John Tyson, Biological Sciences, Virginia Tech
Objectives: Microbial systems provide a unique setting for probing biological dynamics at multiple scales (sub-cellular, cellular and population levels). The free-living aquatic bacterium Caulobacter crescentus is a model organism for studying the cell cycle; it exhibits a dimorphic cell division cycle. Each division results in two morphologically distinct cells: a sessile stalked cell and a motile swarmer cell. The stalked cell remains anchored to a substrate and, provided there are sufficient local nutrients, continues to grow, replicate its DNA and produce new daughter cells. The swarmer cell swims off to find a new location of its own, where it differentiates into a stalked cell and completes the life cycle.

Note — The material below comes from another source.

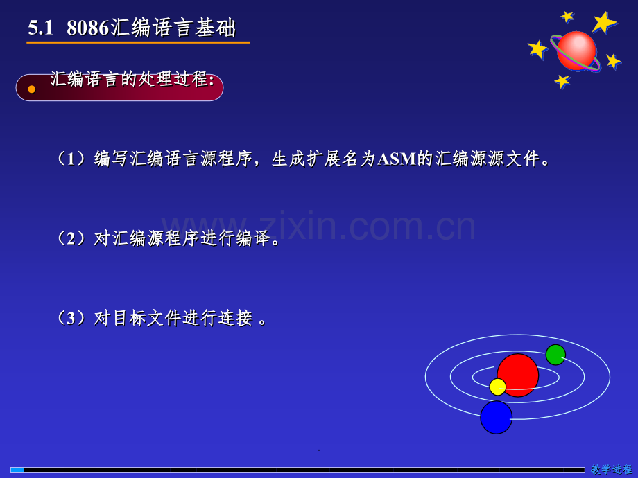 汇编语言汇编语言第第 5章章5.180865.18086汇编语言基础汇编语言基础汇编语言基础汇编语言基础 5.1.15.1.1汇编语言基本语法汇编语言基本语法汇编语言基本语法汇编语言基本语法 5.1.25.1.2汇编语言语句汇编语言语句汇编语言语句汇编语言语句5.1.35.1.3伪指令语句伪指令语句伪指令语句伪指令语句5.1.45.1.4宏指令语句宏指令语句宏指令语句宏指令语句 5.25.2汇编语言程序设计汇编语言程序设计汇编语言程序设计汇编语言程序设计 5.2.15.2.1顺序程序设计顺序程序设计顺序程序设计顺序程序设计5.2.25.2.2分支程序设计分支程序设计分支程序设计分支程序设计5.2.35.2.3循环程序设计循环程序设计循环程序设计循环程序设计5.2.45.2.4子程序设计子程序设计子程序设计子程序设计5.2.5DOS5.2.5DOS功能调用功能调用功能调用功能调用.汇编语言的处理过程汇编语言的处理过程汇编语言的处理过程汇编语言的处理过程:(1 1)编写汇编语言源程序,生成扩展名为)编写汇编语言源程序,生成扩展名为)编写汇编语言源程序,生成扩展名为)编写汇编语言源程序,生成扩展名为ASMASM的汇编源源文件。的汇编源源文件。的汇编源源文件。的汇编源源文件。(2 2)对汇编源程序进行编译。)对汇编源程序进行编译。)对汇编源程序进行编译。)对汇编源程序进行编译。(3 3)对目标文件进行连接)对目标文件进行连接)对目标文件进行连接)对目标文件进行连接。教学进程教学进程教学进程教学进程5.15.1 80868086汇编语言基础汇编语言基础汇编语言基础汇编语言基础.1 1)效率低(与人们描述计算过程的需要差距大);)效率低(与人们描述计算过程的需要差距大);)效率低(与人们描述计算过程的需要差距大);)效率低(与人们描述计算过程的需要差距大);2 2)机机机机器器器器硬硬硬硬件件件件的的的的具具具具体体体体结结结结构构构构联联联联系系系系过过过过于于于于紧紧紧紧密密密密在在在在一一一一种种种种结结结结构构构构的的的的机机机机器器器器上上上上开开开开发发发发的程序极难移植到另一种不同结构的机器上去。的程序极难移植到另一种不同结构的机器上去。的程序极难移植到另一种不同结构的机器上去。的程序极难移植到另一种不同结构的机器上去。教学进程教学进程教学进程教学进程5.15.1 80868086汇编语言基础汇编语言基础汇编语言基础汇编语言基础汇编语言进行程序设计的优点汇编语言进行程序设计的优点汇编语言进行程序设计的优点汇编语言进行程序设计的优点1 1)充分利用机器的硬件功能和结构特点,加快程序的执行速度,)充分利用机器的硬件功能和结构特点,加快程序的执行速度,)充分利用机器的硬件功能和结构特点,加快程序的执行速度,)充分利用机器的硬件功能和结构特点,加快程序的执行速度,减少目标程序所占用的存储空间;减少目标程序所占用的存储空间;减少目标程序所占用的存储空间;减少目标程序所占用的存储空间;2 2)用来编写实时控制程序、实时通信程序,有时也用来编制某些)用来编写实时控制程序、实时通信程序,有时也用来编制某些)用来编写实时控制程序、实时通信程序,有时也用来编制某些)用来编写实时控制程序、实时通信程序,有时也用来编制某些系统软件程序。系统软件程序。系统软件程序。系统软件程序。汇编语言进行程序设计缺点汇编语言进行程序设计缺点汇编语言进行程序设计缺点汇编语言进行程序设计缺点.教学进程教学进程教学进程教学进程宏宏宏宏指指指指令令令令语语语语句句句句是是是是由由由由编编编编程程程程者者者者按按按按照照照照一一一一定定定定的的的的规规规规则则则则来来来来定定定定义义义义的的的的一一一一种种种种较较较较“宏大宏大宏大宏大”的指令,可包括多条指令或伪指令。的指令,可包括多条指令或伪指令。的指令,可包括多条指令或伪指令。的指令,可包括多条指令或伪指令。汇编语言基本语法汇编语言基本语法汇编语言基本语法汇编语言基本语法 在在在在8086808680868086汇编中使用的语句可以分成汇编中使用的语句可以分成汇编中使用的语句可以分成汇编中使用的语句可以分成3 3 3 3种类型种类型种类型种类型这类指令能够产生目标代码,是这类指令能够产生目标代码,是这类指令能够产生目标代码,是这类指令能够产生目标代码,是CPUCPUCPUCPU可以执行的能够完成可以执行的能够完成可以执行的能够完成可以执行的能够完成特定功能的语句,主要由机器指令组成。在汇编时一条指特定功能的语句,主要由机器指令组成。在汇编时一条指特定功能的语句,主要由机器指令组成。在汇编时一条指特定功能的语句,主要由机器指令组成。在汇编时一条指令语句被翻译成对应的机器码,对应着特定的操作。令语句被翻译成对应的机器码,对应着特定的操作。令语句被翻译成对应的机器码,对应着特定的操作。令语句被翻译成对应的机器码,对应着特定的操作。指令语句:指令语句:指令语句:指令语句:伪指令语句:伪指令语句:伪指令语句:伪指令语句:伪指令语句是为汇编程序和连接程序提供一些必要控制的伪指令语句是为汇编程序和连接程序提供一些必要控制的伪指令语句是为汇编程序和连接程序提供一些必要控制的伪指令语句是为汇编程序和连接程序提供一些必要控制的管理性语

Over the last decade, outstanding experimental advances have enabled molecular biologists to gather detailed data on spatiotemporal protein-localization dynamics of key proteins governing the cell cycle of C. crescentus. More recently, the development of a versatile quantitative live single-cell imaging system allows observing cell shape dynamics and protein localization dynamics in individual C. crescentus cells for hundreds of generations, thus providing high quality data both at the molecular and single-cell level. More conventional methods, such as flow cytometry and population growth studies allow quantification at the population levels. It is thus timely to now combine the wealth of available data at the molecular, single-cell and population levels, to build a multiscale, highly constrained, predictive model of the cell cycle of C. crescentus. Additionally this integrative model must also captures the inherent stochasticity of the underlying processes, and thus the resultant stochasticity in cell-division times for this model organism.
This working group brings together active researchers working on various aspects of C. crescentus cell-cycle dynamics, including experimentalists, modelers and theorists, to discuss recent progress in this field, accelerate collaboration among them, and to produce an integrative model in the end. The working group consists of active researchers, including six biologists, and eight others from mathematics, physics, chemistry, computer science, and bioengineering.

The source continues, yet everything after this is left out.